WHAT NEEDS TO BE DONE: For the records below, please print exactly and only the lines from the one with "Handlykta i form" down to the one with "Optional: Black Vinyl", both ends included, omitting the pictures.

DATA PROVIDED:
Start of Block

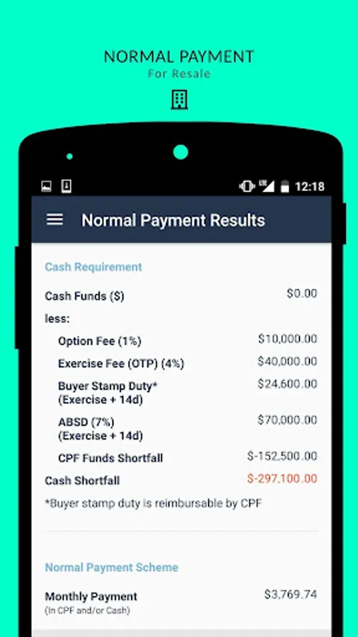 - Input CPF and cash on hand to get an indication of client's surplus/shortfall or input CPF amount only to know how much cash is needed
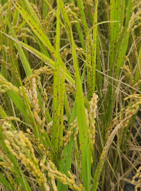 도 농기원에 따르면 올해는 벼 출수기 이후 고온과 잦은 강우가 이어지면서 ‘깨씨무늬병’이 확산되고, 이로 인해 등숙률 저하 및 쌀알 품질 저하가 우려되고 있다.
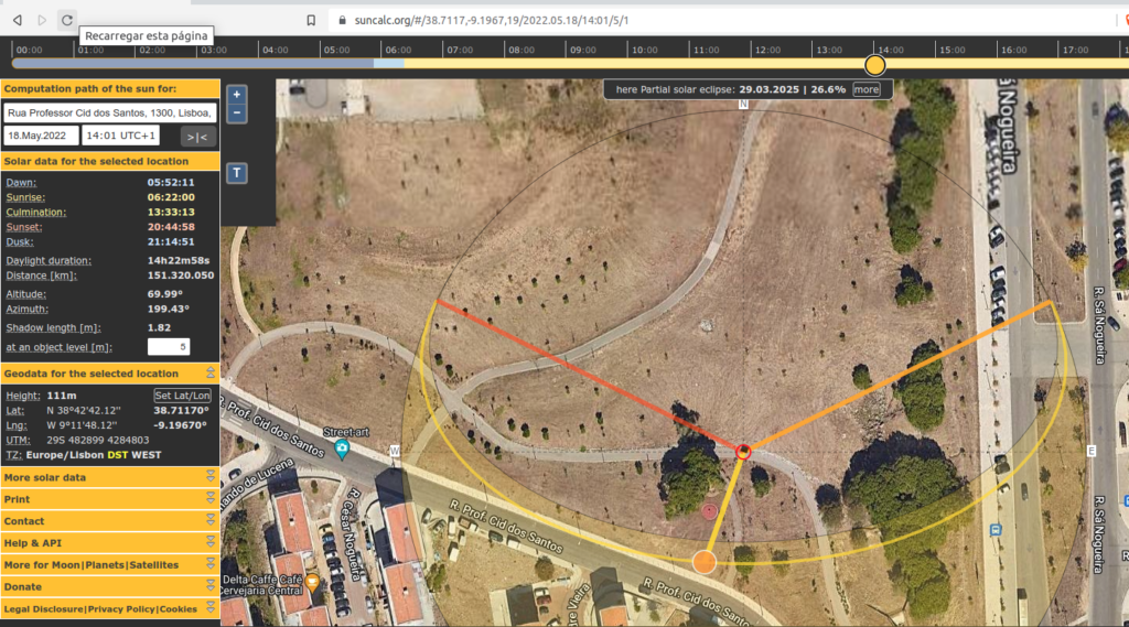 Depois de abrir a plataforma, faça uma busca pelas coordenadas de latitude e longitude do local onde a foto foi tirada (não são as coordenadas do prédio que usamos como ponto de referência) e insira a data de 20 de agosto de 2021 e dê um zoom na localização desejada. Outra opção é acessar este link direto para carregar o site já com estas informações inseridas: https://www.suncalc.org/#/38.7117,-9.1967,19/2021.08.20/12:27/3/1
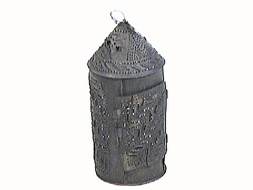 Handlykta i form av en cylinder med konisk överdel. Överst en ringformig ögla av järntråd. Dörr låsbar med sprintlås. Gångjärn av järntråd. Dörren perforerad med små hål. Inuti, mitt på botten, en ljushållare med slits som gjorde det möjligt att sätta fast ljus av olika tjocklek.
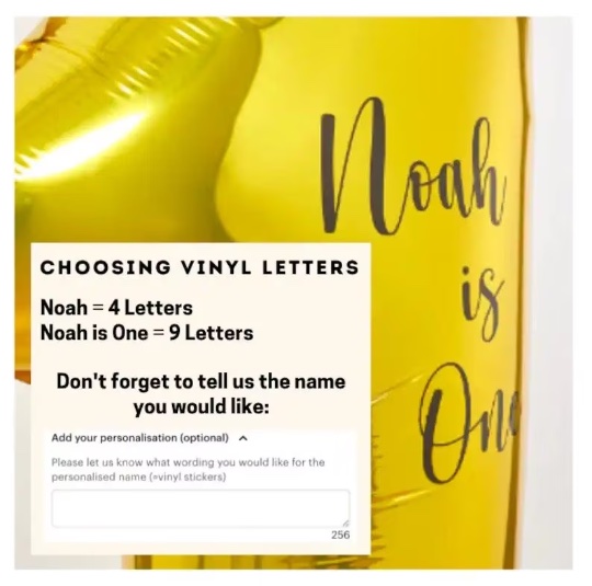 Optional: Black Vinyl Letter stickers with the wording of your choice. The letters will be supplied individually. You can choose wording up to 15 letters.
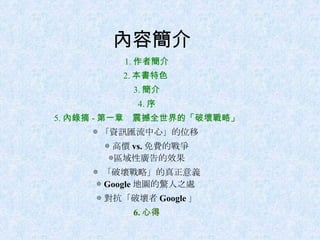 簡介 1. 既有的商業模式維繫的價值觀正逐一被「破壞」2. 進行這場破壞的黑手就是搜尋引擎巨人—— Google 。 3. Google 正以其強大的廣告活動為背景,試圖破壞舊有的秩序、與傳統企業的商業模式。 4.Google 正本著長尾精神,試圖振興中小企業、創造出嶄新的市場。 5.Google 成為大眾發表訊息的幫手,讓大家得以與企業、政府等強權站在同一條線上競爭。 6.Google 也試圖在這類新秩序中,成為一個執掌一切的強大「祭司」。

End of Block

EXERCISE OUTPUT:
 Handlykta i form av en cylinder med konisk överdel. Överst en ringformig ögla av järntråd. Dörr låsbar med sprintlås. Gångjärn av järntråd. Dörren perforerad med små hål. Inuti, mitt på botten, en ljushållare med slits som gjorde det möjligt att sätta fast ljus av olika tjocklek.
 Optional: Black Vinyl Letter stickers with the wording of your choice. The letters will be supplied individually. You can choose wording up to 15 letters.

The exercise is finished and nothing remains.